Columbia's storage operations and monitoring of the wells surrounding the Weaver 3-F pool convinced it, over a period of years, that the Weaver 3-F pool was larger than estimated in 1953. Since at least 1965, Columbia has acted on its new estimates and expanded its storage operations outside of the area covered by the 1953 certificate. In neither the 1965 expansion, nor an expansion undertaken in 1971, did Columbia seek or obtain a certificate of public convenience and necessity authorizing the expansion of its operations. This record does not indicate that these expansions were called to the attention of the Federal Energy Regulatory Commission or its predecessor. The 1971 expansion first opened storage wells in Section 14 of Hanover Township, in the vicinity of the Parrott tract. In 1980, Columbia first approached the Parrotts to obtain their mineral rights. Unsuccessful negotiations, plus Parrotts' intention to drill for natural gas on this tract and Columbia's belief that any drilling by Parrotts would produce stored gas owned by Columbia and not "native" gas, led to this litigation.

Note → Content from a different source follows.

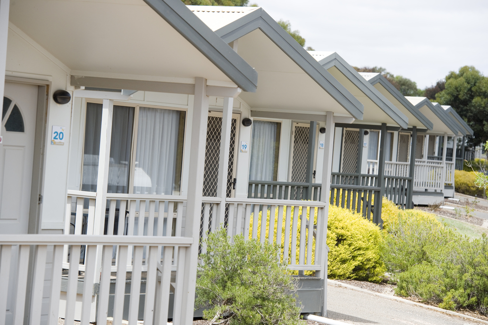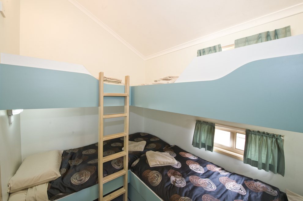 Well-suited to a family with small children, these cabins sleep up to 6 people and include a queen bed in the main bedroom and two sets of single bunks in the second bedroom. Offering a spacious lounge and dining area, there’s plenty of room for everyone to relax around the TV after a big day by the beach.

In responding to the principal issue posed by this case in Columbia's appeal, we turn to the language of the Natural Gas Act. 15 U.S.C. Sec. 717f(c) states:
No natural-gas company ... shall ... undertake the construction or extension of any facilities [for the transportation or sale of natural gas], ... or operate any such facilities or extension thereof, unless there is in force with respect to such natural gas company a certificate of public convenience and necessity issued by the Commission authorizing such acts or operations.... (Emphasis added).

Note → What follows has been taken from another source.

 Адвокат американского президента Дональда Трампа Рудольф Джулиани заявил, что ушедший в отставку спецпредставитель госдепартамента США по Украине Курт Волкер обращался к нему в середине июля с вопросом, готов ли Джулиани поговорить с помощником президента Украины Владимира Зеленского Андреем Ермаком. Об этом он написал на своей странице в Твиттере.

Further the Act in 15 U.S.C. Sec. 717f(h) authorizes condemnation of only two classes of land rights:
[T]he necessary right-of-way to construct, operate, and maintain a pipe line or pipe lines for the transportation of natural gas, and the necessary land or other property, in addition to right-of-way, for the location of compressor stations, pressure apparatus, or other stations or equipment necessary to the proper operation of such line or pipe lines....
We believe and hold that the purpose for which Columbia seeks to condemn is most specifically covered by the second part of Section 717f(h) which allows for condemnation of "necessary land" for "location of compressor stations, pressure apparatus or other stations or equipment necessary to the proper operation of such pipeline...."

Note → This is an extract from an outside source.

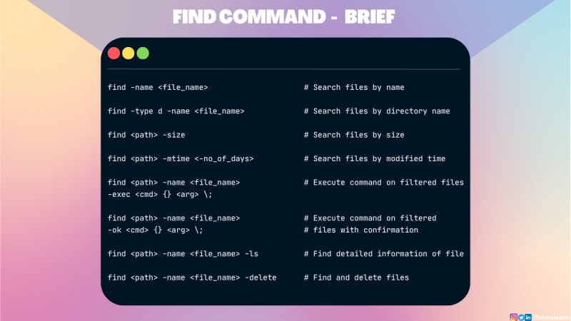 Learn how to search files effectively in the Linux terminal using the 'find' command. Discover how to search files by name, find directories, search files by size, search files based on time modified, execute commands on filtered files, find files with detailed information, and find and remove files.

Like the District Judge, we read the words italicized above as sufficiently broad to encompass the underground gas storage facility with which this case is concerned and thus allow for condemnation--but only if a certificate of convenience and necessity has been applied for and issued by the Commission. The plain language of the statute (see 15 U.S.C. Sec. 717f(c) above) seems to us as it did to the District Judge to require this holding.
Parrotts appeal the determination by the district court that Section 7(h) of the Natural Gas Act authorizes the use of eminent domain to condemn easements for the storage of gas in underground storage pools. The Act provides:
When any holder of a certificate of public convenience and necessity cannot acquire by contract, or is unable to agree with the owner of property to the compensation to be paid for, the necessary right-of-way to construct, operate, and maintain a pipe line or pipe lines for the transportation of natural gas, and the necessary land or other property, in addition to right-of-way, for the location of compressor stations, pressure apparatus, or other stations or equipment necessary to the proper operation of such pipe line or pipe lines, it may acquire the same by the exercise of the right of eminent domain in the district court of the United States for the district in which such property may be located, or in the State courts.
15 U.S.C. Sec. 717f(h).
We recognize, of course, that in dealing with Columbia's appeal, we have been required in effect to assume an adverse answer to Parrotts' appeal. Nonetheless, we shall deal with it as a new issue.
Parrotts correctly note that the eminent domain authorization does not specifically mention the use of the condemnation procedures for underground gas storage areas. This, however, does not resolve the issue. The use of condemnation for underground facilities is within the spirit and intent of the Act. As the district court reasoned:
The Act does provide that eminent domain power may be used to insure the operation of stations or equipment necessary to the proper operation of natural gas pipelines. Underground gas storage facilities are a necessary and integral part of the operation of piping gas from the area of production to the area of consumption. Given the importance of natural gas underground storage facilities to the overall function of supplying natural gas to the consuming public, the underground facilities fall within the intent of the legislature to provide the use of eminent domain to acquire the right-of-way for stations or equipment necessary to the proper operation of gas pipelines.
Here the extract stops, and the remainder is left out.